# The ONE thing...



## NextLevelInvesting (Mar 14, 2016)

Hey everyone. You guys are all amazing and have helped me out so much in the past. This is my first post, and would appreciate feedback to this question I was recently asked. 

- What is the one thing you wish you knew before you started Investing? -

Thanks all. I can't wait to hear your answers! 
~Ryan~


----------



## heyjude (May 16, 2009)

The importance of keeping MERs low.


----------



## jargey3000 (Jan 25, 2011)

Don't put your money in the bank;
Buy stock in the banks!


----------



## Davis (Nov 11, 2014)

Don't buy mutual funds. Don't imagine that some money manager is going to be smarter than the market.


----------



## Mukhang pera (Feb 26, 2016)

Two items for now:

1. Do not think of investing as something to be done later in life.

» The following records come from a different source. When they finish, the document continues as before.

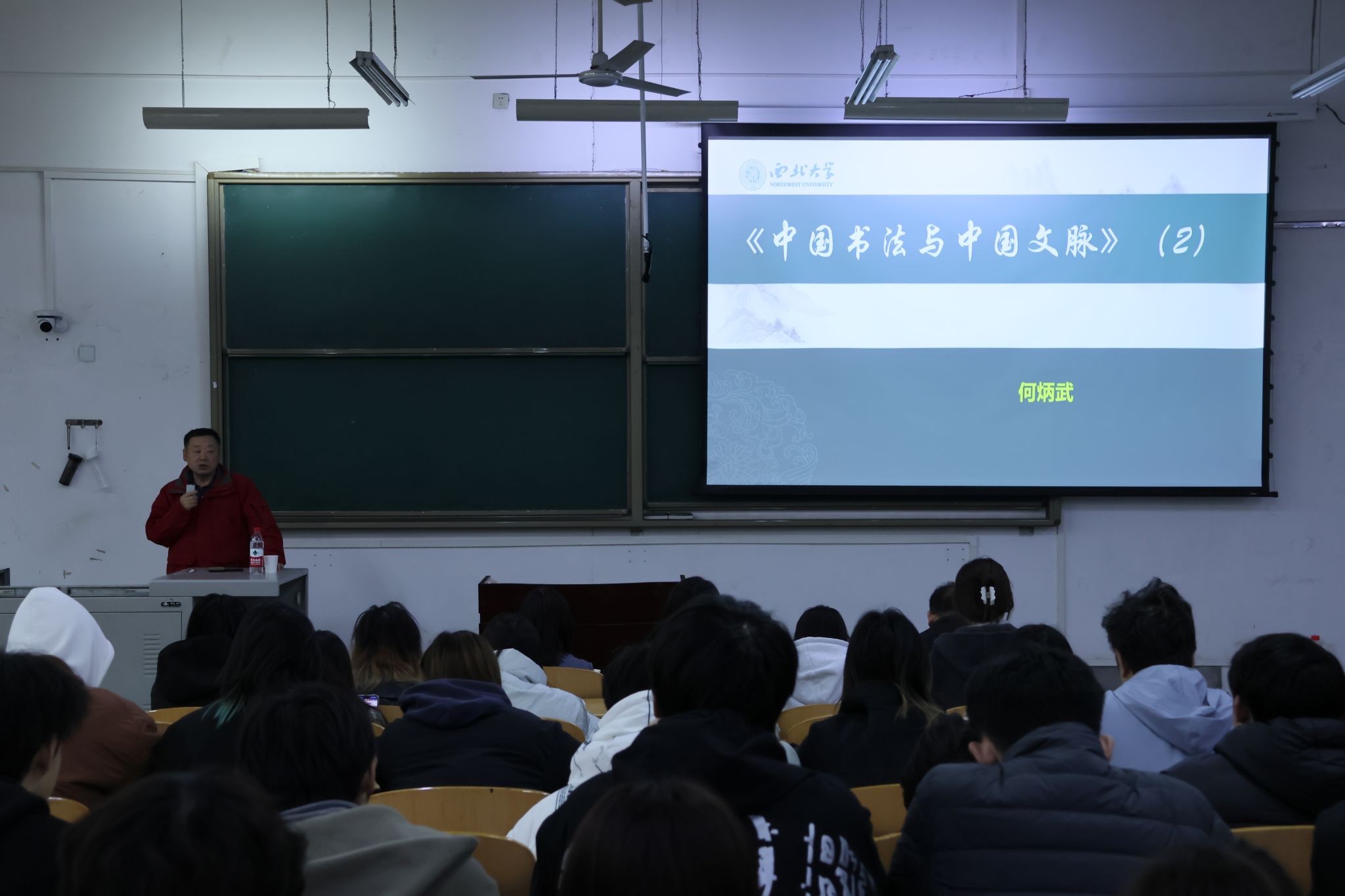 捐贈儀式結束后,何炳武先生在我校鄠邑校區博思樓B112教室為師生作了題為《中國書法——中華文脈與文化自信》的專題講座。人文學院院長方亭、副院長方松林、視覺傳達設計專業帶頭人周鳴勇以及學校150余名本科生、研究生參加該講座,講座由人文學院方亭院長主持。
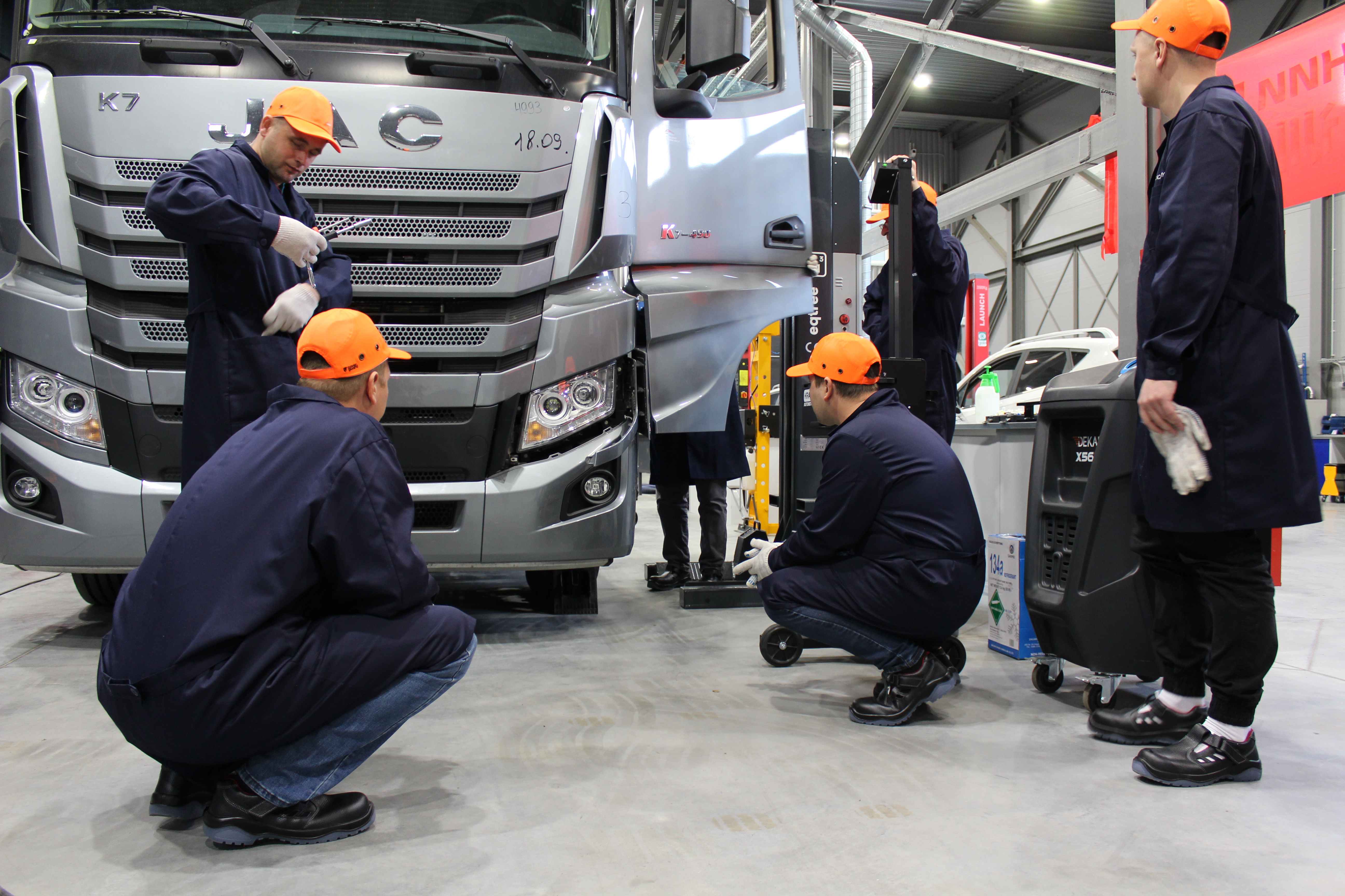 Наиболее востребованным направлением в Академии является повышение квалификации технических специалистов. Их обучение охватывает все уровни сервиса от базового обслуживания автомобилей до сложного ремонта и диагностики. Под каждую модель грузовиков JAC — N90, N120, N200 и K7 — разработана модульная программа. После базового курса, посвященного определенной модели и особенностям ее конструкции, можно пройти углубленные курсы по отдельным агрегатам и системам автомобиля, таким как двигатель, трансмиссия, тормозная система, рулевое управление и подвеска. Особое внимание уделяется электрике и общей диагностике.
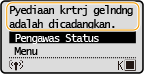 Mesin ini memaparkan mesej apabila jumlah baki di dalam kartrij gelendong adalah rendah. Ambil perhatian bahawa kualiti cetakan boleh merosot jika anda teruskan mencetak tanpa menyelesaikan isu ini. Anda boleh menyemak jumlah baki dalam kartrij gelendong pada paparan (
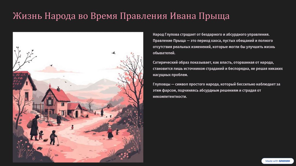 Жизнь Народа во Время Правления Ивана ПрыщаНарод Глупова страдает от бездарного и абсурдного управления.
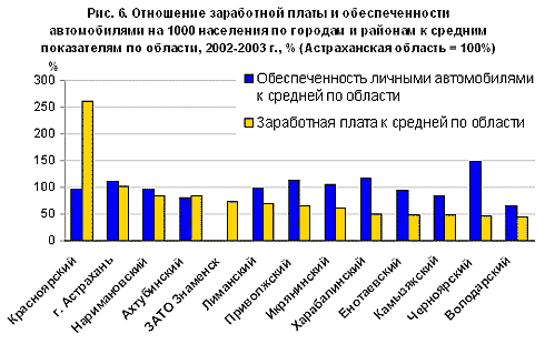 Рис. 6. Отношение заработной платы и обеспеченности автомобилями на 1000 населения по городам и районам к средним показателям по области, 2002—2003 г. (Астраханская область = 100%)
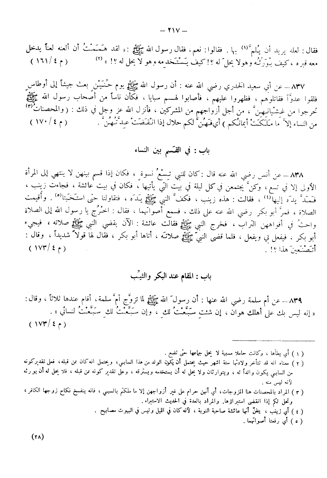 839 - عَنْ أُمِّ سَلَمَةَ - رضي الله عنها - أَنَّ رَسُولَ اللهِ - صَلَّى اللهُ عَلَيْهِ وَسَلَّمَ - لَمَّا تَزَوَّجَ أُمَّ سَلَمَةَ أَقَامَ عِنْدَهَا ثَلَاثًا وَقَالَ إِنَّهُ لَيْسَ بِكِ عَلَى أَهْلِكِ هَوَانٌ إِنْ شِئْتِ سَبَّعْتُ لَكِ وَإِنْ سَبَّعْتُ لَكِ سَبَّعْتُ لِنِسَائِي. (م 4/ 173)

2. If investing in real estate, observe the maxim: Always buy land; never sell land.


----------



## jargey3000 (Jan 25, 2011)

Don't get greedy; you'll never lose by taking a profit.


----------



## Soils4Peace (Mar 14, 2010)

heyjude said:


> The importance of keeping MERs low.


+1

Like many folks I thought that past performance was a good predictor of future performance, and did not think MERs were important at all.


----------



## jargey3000 (Jan 25, 2011)

NextLevelInvesting said:


> Hey everyone. You guys are all amazing and have helped me out so much in the past. This is my first post, and would appreciate feedback to this question I was recently asked.
> 
> - What is the one thing you wish you knew before you started Investing? -


Where the TSX was going to be in say, 3 months!


----------



## Just a Guy (Mar 27, 2012)

Know your investing personality.


----------



## Mechanic (Oct 29, 2013)

jargey3000 said:


> Don't get greedy; you'll never lose by taking a profit.


My favourite


----------



## leeder (Jan 28, 2012)

NextLevelInvesting said:


> Hey everyone. You guys are all amazing and have helped me out so much in the past. This is my first post, and would appreciate feedback to this question I was recently asked.
> 
> - What is the one thing you wish you knew before you started Investing? -
> 
> ...


I wish I knew what my tolerance to losses were especially during steep market selloffs. I used to obsess over the losses and beat myself up. I'm way better now than I was then because I'm now much more confident with the companies I'm invested in and the fact that I'm diversified across geography and industries.


----------



## amack081 (Jun 23, 2015)

I'm still a young investor myself, but I personally don't invest in items or companies I dont fully understand.


----------



## NextLevelInvesting (Mar 14, 2016)

Love that. Same here on both accounts.


----------



## NextLevelInvesting (Mar 14, 2016)

leeder said:


> NextLevelInvesting said:
> 
> 
> > Hey everyone. You guys are all amazing and have helped me out so much in the past. This is my first post, and would appreciate feedback to this question I was recently asked.
> ...


Thanks leader, that's a big one. 
This caused a lot of stress for me early on as well. Some wise advice I received was to 'always pay attention to the tension' if your not able to sleep at night, you may have too much of your money invested.


----------



## NextLevelInvesting (Mar 14, 2016)

Mechanic said:


> jargey3000 said:
> 
> 
> > Don't get greedy; you'll never lose by taking a profit.
> ...


I second that. 
Greed is the number one thing that led to the single biggest loss in my investment career. I definitely learned this one the hard way. 
Great post.


----------



## NorthKC (Apr 1, 2013)

Contribute as much as you can regardless of your income. When I had very low income, I stopped investing but I now realize that had I contributed just $20/month over 4 years with good return (at the time), I would have had a nice nest egg. Time is your friend.


----------



## thepitchedlink (Feb 17, 2014)

The power of MER's.....keeping them as low as possible.


----------



## atrp2biz (Sep 22, 2010)

By being greedy. Don't sell and turn one-baggers into five-baggers. By never selling, I limit the number of mistakes I can make on a particular stock.


----------



## Rusty O'Toole (Feb 1, 2012)

Here is how to beat 90% of professional money managers with almost no risk.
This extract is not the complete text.